- Task objective
Please retype the records below exactly, from the first line through the line containing "第四步:把石螺放到盤中,把醃", and leave out any pictures.

- Exercise data
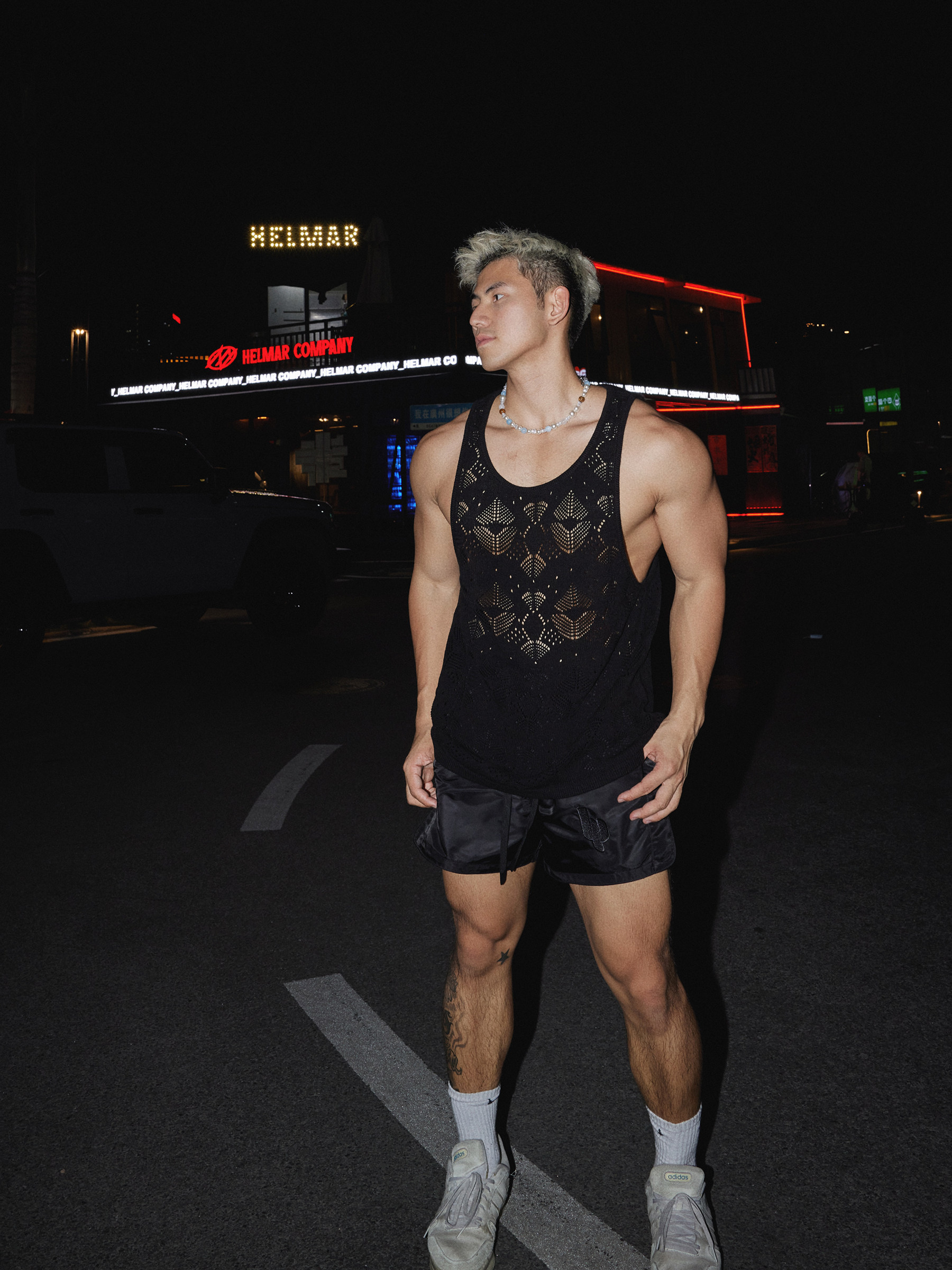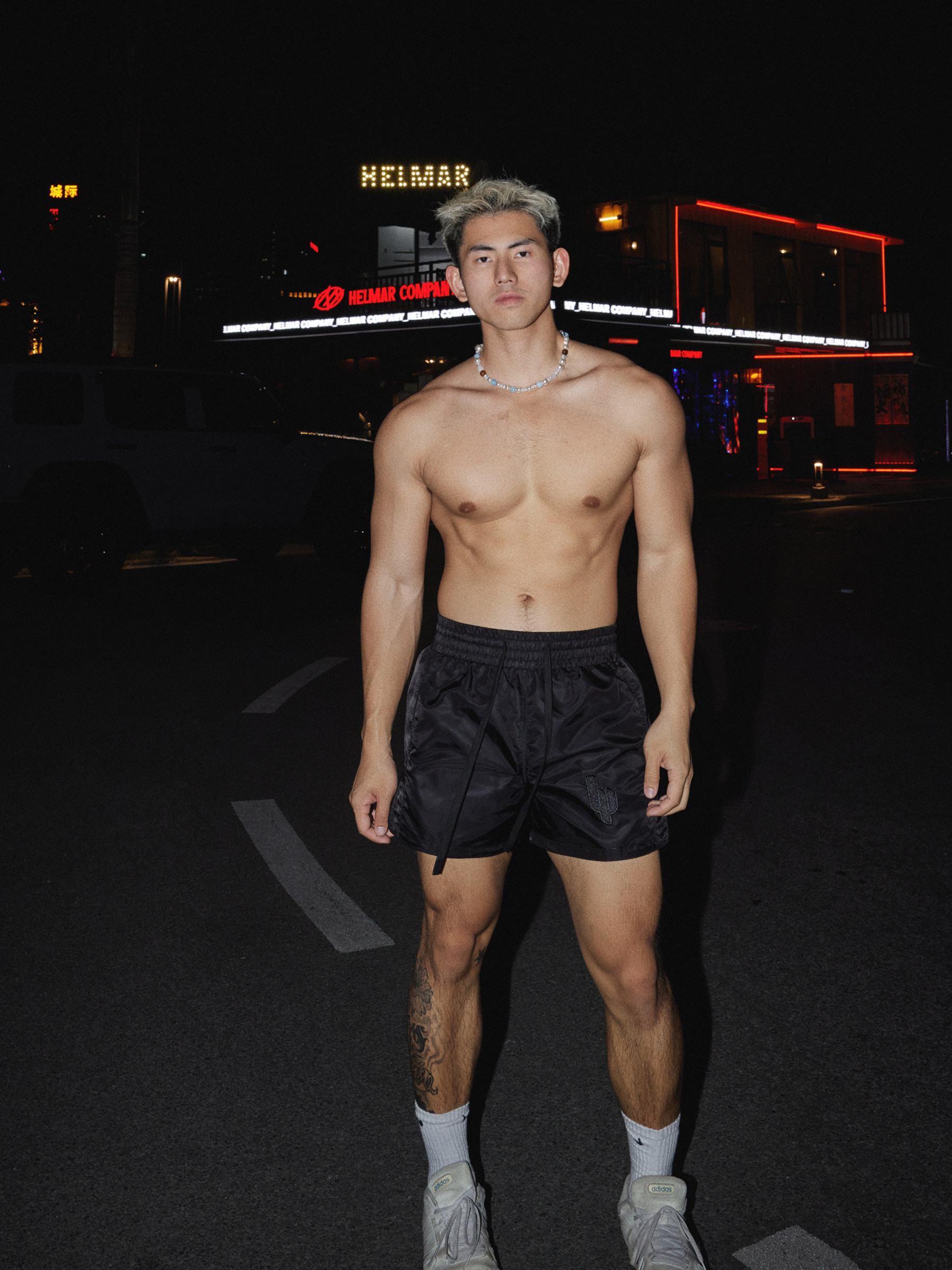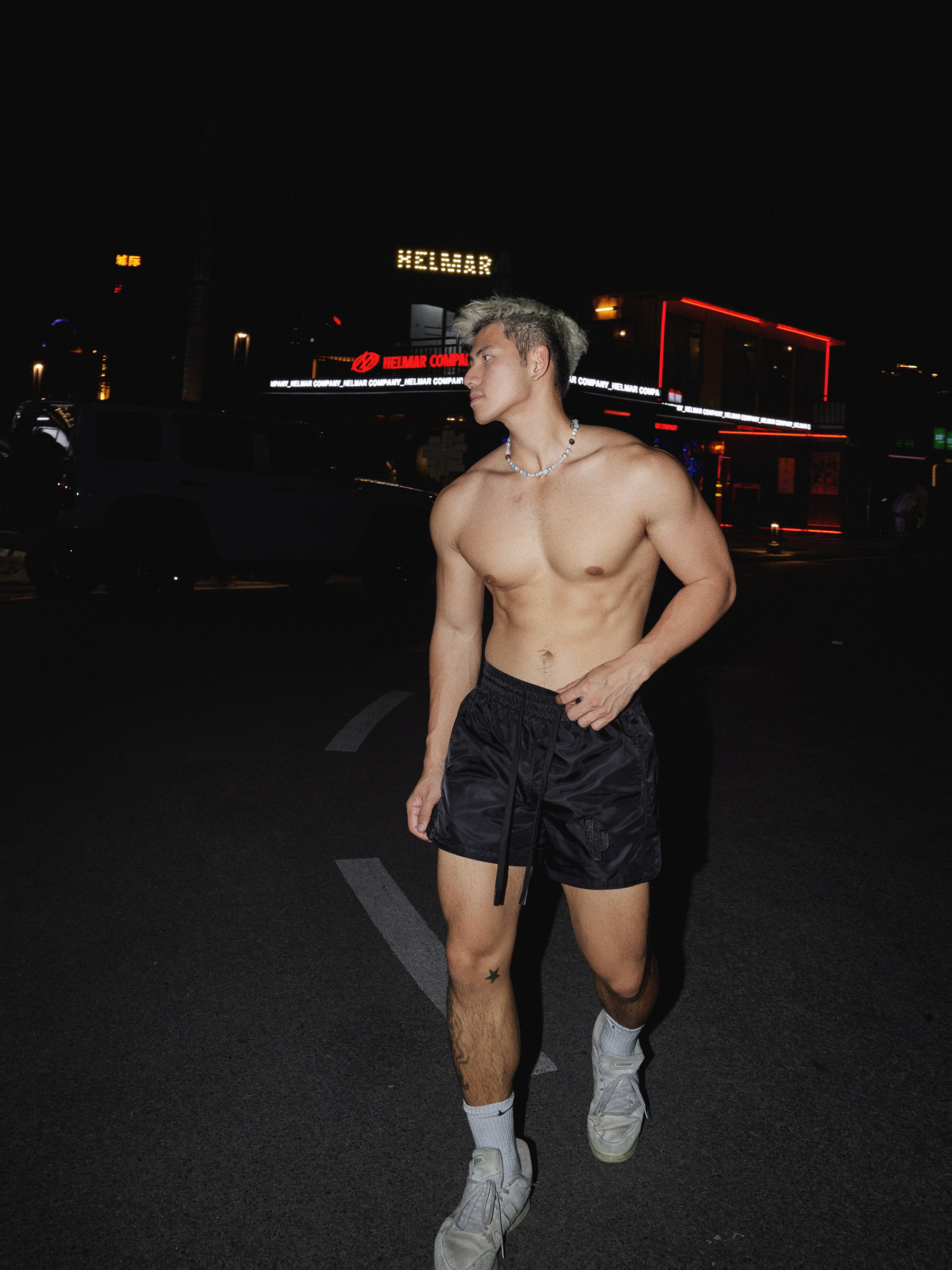 Papaslilmonster【Original】Satin Glossy American Casual Sports Loose Straight Shorts for Men
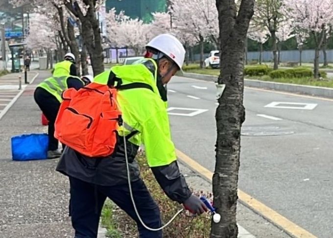 이에 만세구는 병해충 확산을 사전에 차단하기 위해 미국흰불나방의 주요 가해 수종인 벚나무를 대상으로 수간주사 방식의 선제적 방제사업을 추진했다.
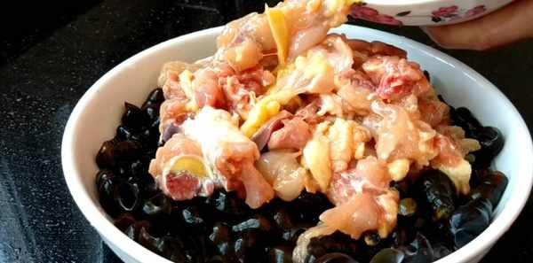 第四步:把石螺放到盤中,把醃制好的雞肉鋪到上面,鋪平就可以瞭,石螺是不放什麼調味料的,醃制雞肉時可以稍微加重點點
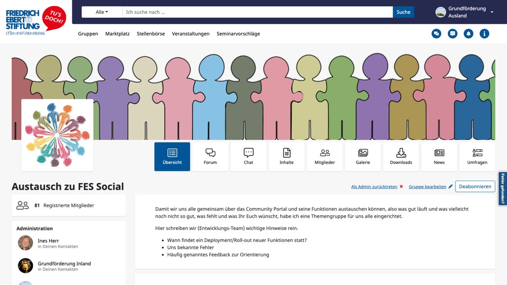 Einblicke in die Entwicklung des Community Portal "fes-social". Ein Social Network mit TYPO3 als Basis.
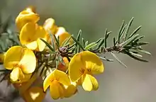Pultenaea mollis, commonly known as soft bush-pea or guinea flower bush pea,[2] is a species of flowering plant in the family Fabaceae and is endemic to south-eastern Australia. It is an erect or spreading shrub with narrow linear to elliptic or needle-shaped leaves and clusters of up to ten yellow to orange flowers with red markings.
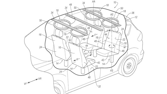 Стало известно о том, что американская компания Ford подала патентную заявку на расположенные в крыше подушки безопасности. Заявка была подана в Бюро по патентам и товарным знакам США 7 апреля 2021 года и опубликована 13 октября 2022 года. В ней показаны кольцеобразные корпуса, установленные над каждым из сидений, из которых будут раскрываться подушки безопасности. Кроме того, на чертежах патентной заявки изображены элементы, которые будут открываться вокруг пассажиров автомобиля в случае ДТП. Подушка состоит из цилиндров, которые будут надуваться и обеспечивать эффект поглощения удара, подобный обычным подушкам безопасности. Ford заявил, что эта технология разработана для использования в пассажирских и коммерческих автомобилях с различными типами кузова, включая седаны, купе, пикапы, внедорожники и минивэны.
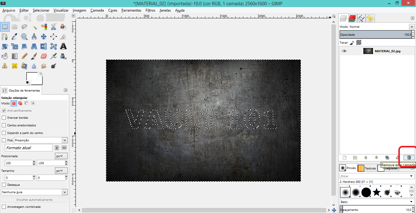 Após aplicar o deslocamento, vamos agora apagar a ‘letra’. Lembra daquela seleção invertida que fizemos lá em cima? Aqui irá valer muito. Portanto clique na lata de lixo ali identificada na figura para apagar o miolo, a letra continua existindo.
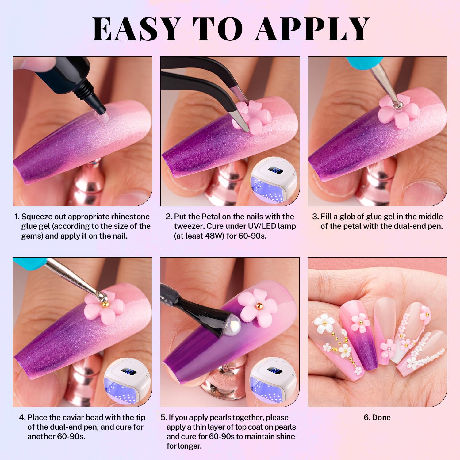 - ๐ADHESIVE GEL GLUE -- The crystal clear nail gem glue uses a special, non-toxic and eco-friendly formula with strong tackiness, adhesion, and fluidity for easily applying decorations. It is a type of UV gel glue. After proper application and curing under a UV/LED lamp, the glue dries clear with superior bonding strength that can last weeks without falling off. With the designed tip, you can easily and conveniently apply the glue to the nail bed or the surface of false nails.
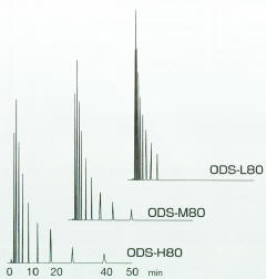 ODS-L80:碳含量9%,保留時間類似于YMC-Pack C8,但由于有高的氫鍵鍵合能力,其選擇性非常均勻。
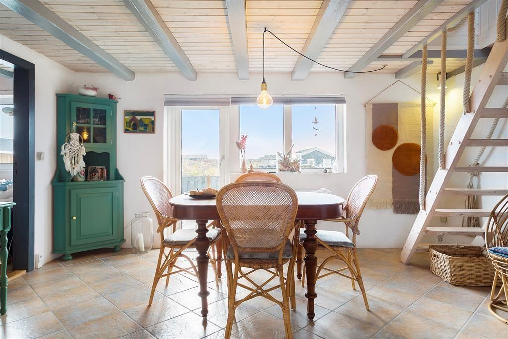Beliggende kun 200 meter fra Vesterhavet kan du nyde den betagende havudsigt fra første sal og vågne op til lyden af bølgerne. Ferielejligheden har en hyggelig terrasse, hvor du kan starte dagen med morgenkaffe eller slutte af med et glas vin, mens du ser solen gå ned.

- Answer area
 Papaslilmonster【Original】Satin Glossy American Casual Sports Loose Straight Shorts for Men
 이에 만세구는 병해충 확산을 사전에 차단하기 위해 미국흰불나방의 주요 가해 수종인 벚나무를 대상으로 수간주사 방식의 선제적 방제사업을 추진했다.
 第四步:把石螺放到盤中,把醃制好的雞肉鋪到上面,鋪平就可以瞭,石螺是不放什麼調味料的,醃制雞肉時可以稍微加重點點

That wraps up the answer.